Indeed. I first tried to replace the names array with a map but as I got deeper, more and more would have to be changed. The issue is so many methods use the getName(index) method which is not only fast but cannot be done on a map. I did not want to break any existing functionality so I added the map.
Comment 3 Richard Hart 2015-10-23 11:54:48 UTC
If I am not mistaken, the names array also contains names that are empty ("") such as when the cell is first created. Giving the cell a name is not required. The map can have only one empty name. So there is a difference between the two stores. The map contains only names whose length > 0.
Comment 4 Javen O'Neal 2015-10-23 12:05:02 UTC
There might be some off-the-shelf solutions available for this, though the underlying implementation of MultiKeyMap would determine if this saves any memory over maintaining a List and a Map in parallel--at least a hybrid data structure would relieve the developers of touching twice as many data structures and twice as many functions.
https://commons.apache.org/proper/commons-collections/javadocs/api-3.2.1/org/apache/commons/collections/map/MultiKeyMap.html

Alternatively, if the performance hit is small enough, some type of SortedMap/TreeMap/LinkedHashMap might work here:
getName(int index) -> map.values().toArray()[index]
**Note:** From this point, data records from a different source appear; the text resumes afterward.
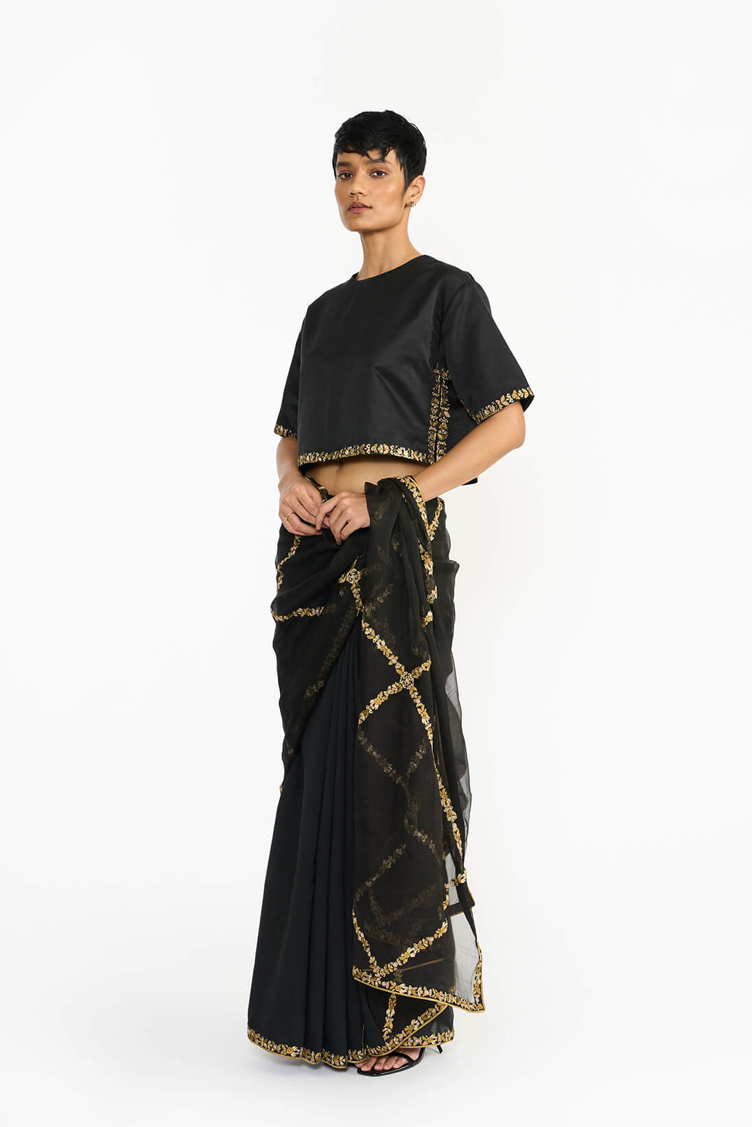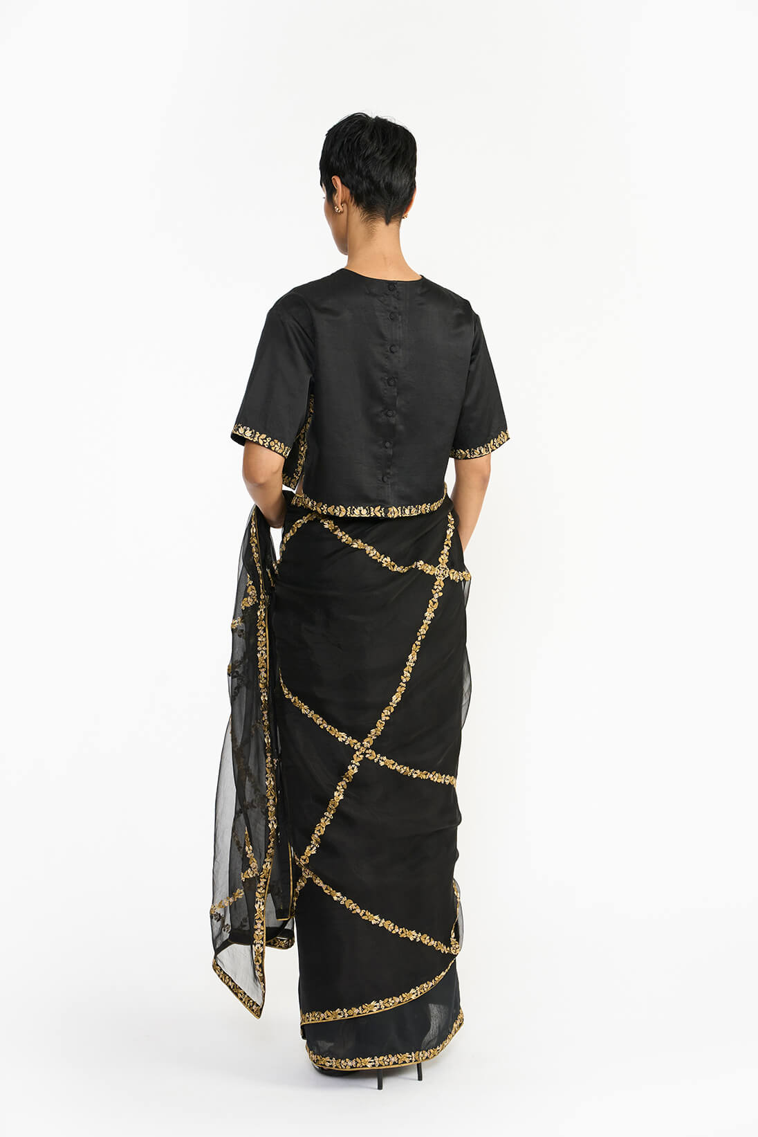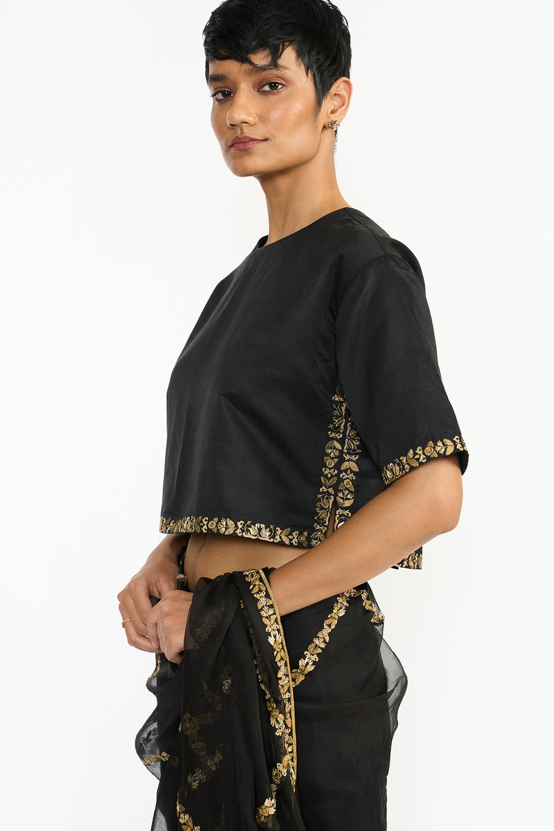 Vanti blouse, drawing from basic indian bandi bocide from tamil nadu features a relaxed boxy fit and katavu embroidery deatils on edges and sides seams framing the body.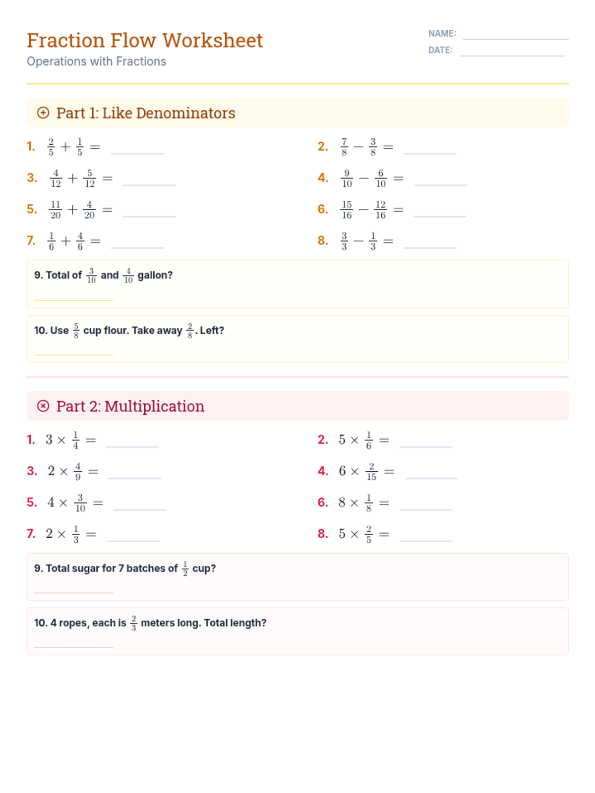 A worksheet containing 10 addition and subtraction problems with like denominators and 10 multiplication problems involving whole numbers and fractions.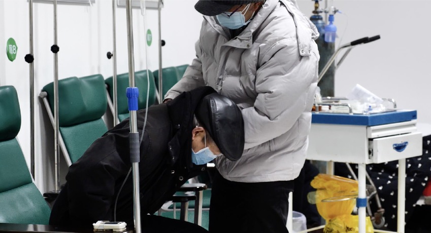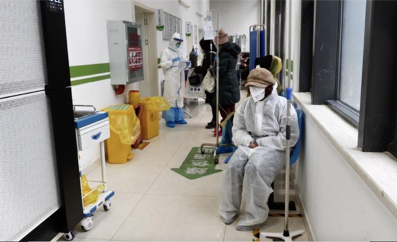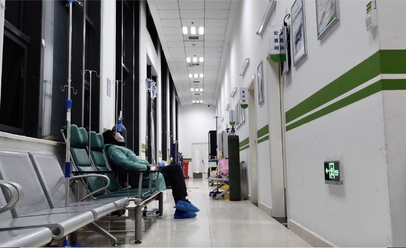 一個多小時過去,接近旁晚,仍有患者不斷進入發熱門診,走廊東邊坐著幾名老太太,戴著口罩靠在坐著上輸液,沒有交談。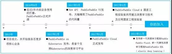 PadddlePaddle最早自2013年就开始投入百度多项业务的应用,在百度内部发展3年左右的时间,于2016年9月正式开源,然后PaddlePaddle经历了一个高速迭代优化的过程,最新版本是于2017年11月发布的PaddlePaddle Fluid,这个版本的发布,赋予了PaddlePaddle更为强大的功能和优势。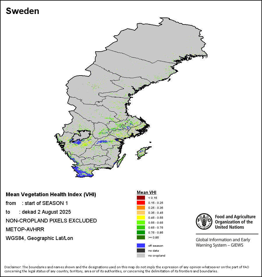 يتيح متوسط مؤشر الصحة النباتية للمستخدم تقييم شدة الجفاف من بداية الموسم الزراعي، حيث يتحقق من صحة النبات وتأثير درجات الحرارة في حالة النبات. أما متوسط مؤشر الصحة النباتية فيمثل معدل قيم مؤشر الصحة النباتية المأخوذة كل عشرة أيام على امتداد الموسم الزراعي للمحصول وحتى تاريخه. ويأخذ بعين الاعتبار حساسية المحصول للإجهاد المائي خلال الموسم الزراعي ويحسب التأثير الزمني لنقص الرطوبة منذ بداية الموسم الزراعي وحتى فترة العشرة أيام الراهنة.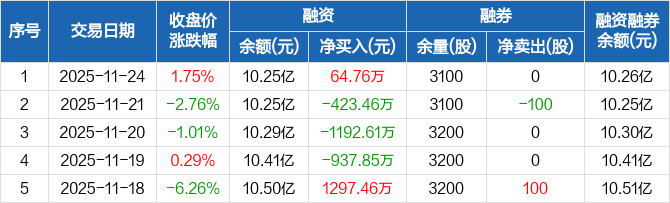 苏州天脉:融资净买入64.76万元,融资余额10.25亿元(11-24)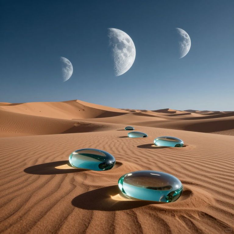 Photorealistic digital artwork of a desert landscape under a clear, deep blue sky with three crescent moons. The foreground features five transparent, blue-tinted glass orbs lying on rippled, golden-brown sand dunes. The orbs reflect the moonlight and the surrounding desert. The background shows gently rolling sand dunes extending to the horizon, with the bright moonlight casting soft shadows on the sand. The glass orbs are scattered at various angles, creating a dynamic composition against the serene desert backdrop.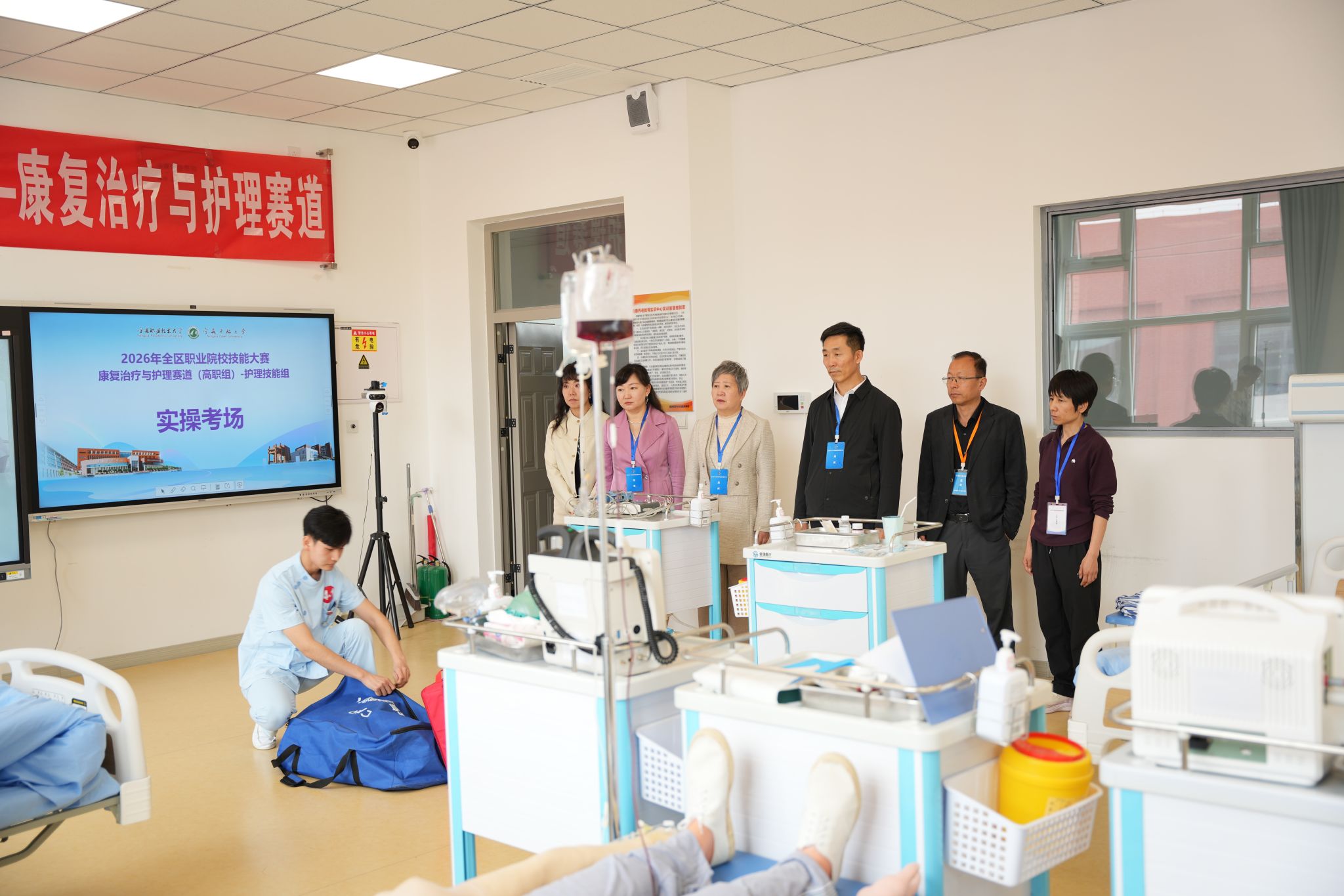 4月8日至10日,由自治区教育厅、工业和信息化厅、财政厅、人力资源和社会保障厅、农业农村厅、总工会等联合举办的2026年全区职业院校技能大赛在我校开赛。自治区教育厅职业教育与成人教育处处长马小燕、副处长高文熊,学校校长袁正国、副校长李晓延分别到各赛点巡赛。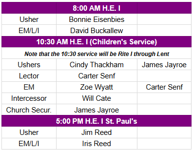 This evening at 6 pm: ECW Food for Thought Featuring Victoria Jayroe, Holy Trinity Parishioner, who will speak about her experiences volunteering for Baby Read, an early literacy program. This event is open to all church members. Please sign up to bring a dish or beverage by clicking here.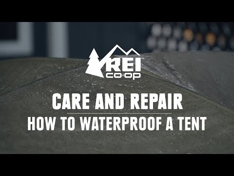- Hold the bottle a few inches from the tent’s fabric and spray to apply in even strokes. You’ll want to overlap each stroke by about an inch to maximize coverage of the waterproofer.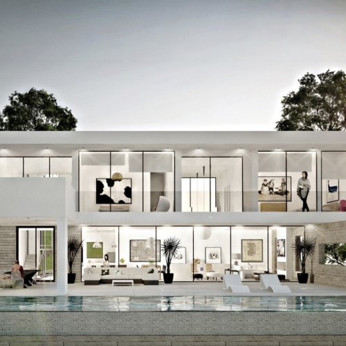 Each of our luxury villas has independent plots, a lush garden, private pool, lift and underfloor heating. With large windows and sliding doors that go from the floor to the ceiling, each interior space merges perfectly with the outside, allowing the natural light to inundate every corner of your home.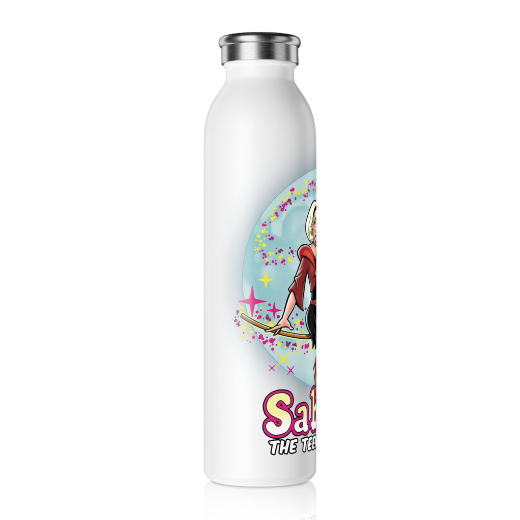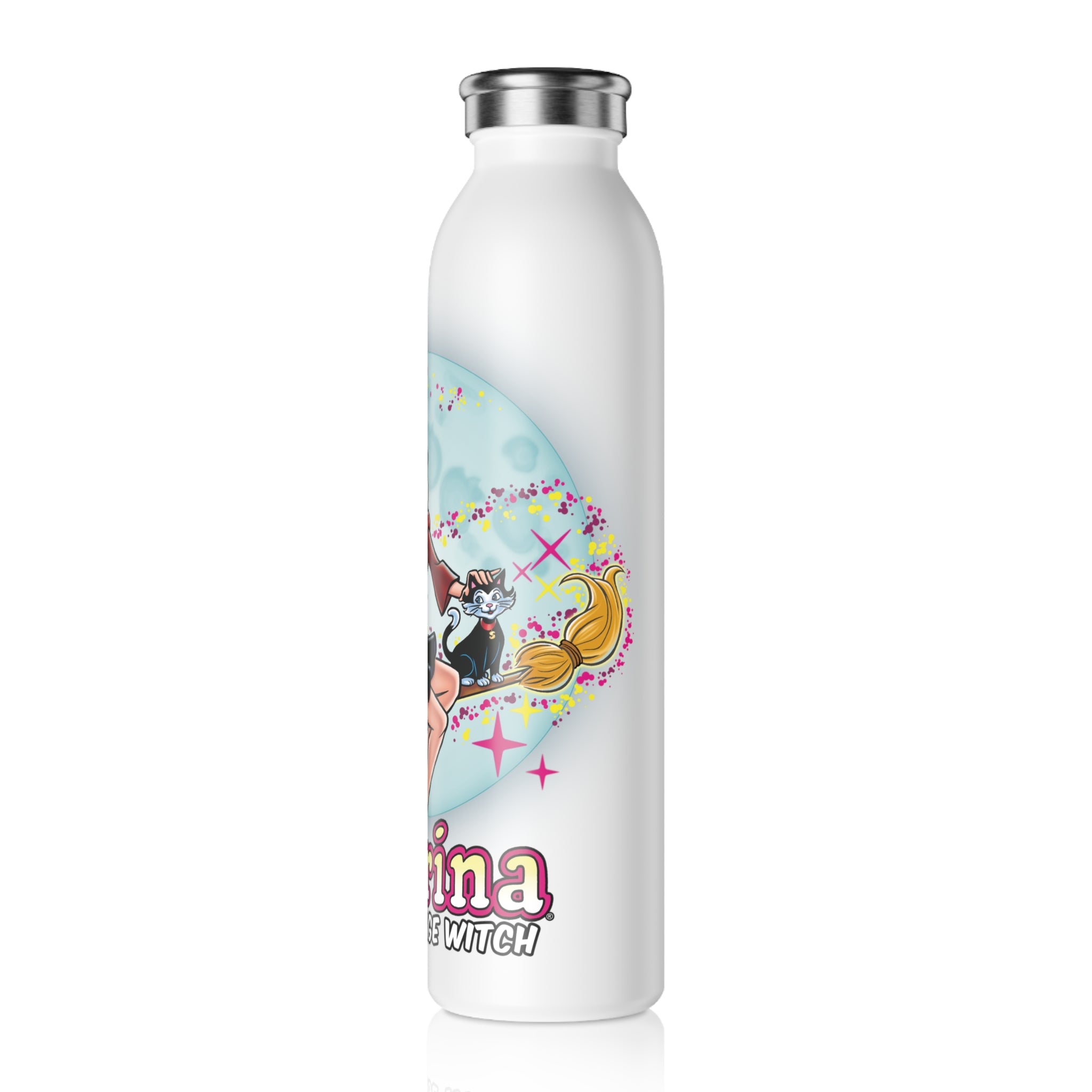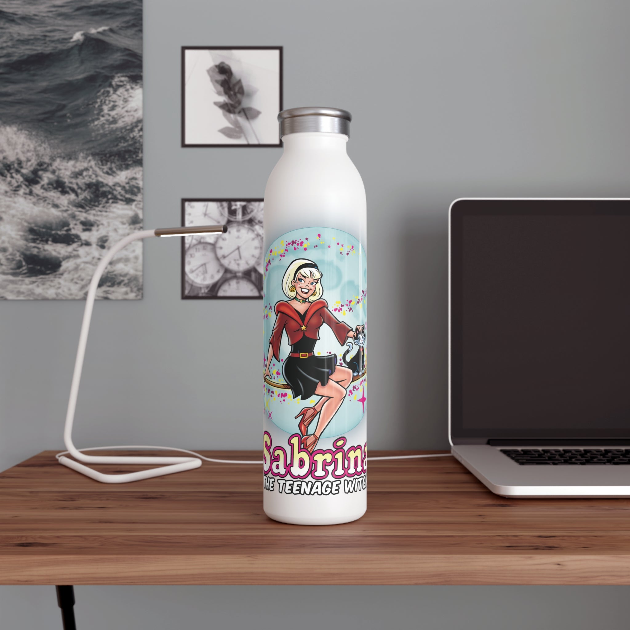 Sabrina The Teenage Witch on Broom Modern Design Stainless Steal 20oz water bottle features a modern take on the classic Sabrina the Teenage Witch on a broom with Salem.

If those suggestions don't work, you could roll your own hybrid data structure to maintain two underlying data structures in parallel. Better encapsulation.

> (In reply to Richard Hart from comment #3)
> If I am not mistaken, the names array also contains names that are empty
> ("") such as when the cell is first created. Giving the cell a name is not
> required. The map can have only one empty name. So there is a difference
> between the two stores. The map contains only names whose length > 0.

Hmm.. another wrinkle in the design. Let me think about this problem a bit more. It's starting to sound like a custom-built hybrid data structure will be needed here. Maybe that custom data structure is LinkTable.java.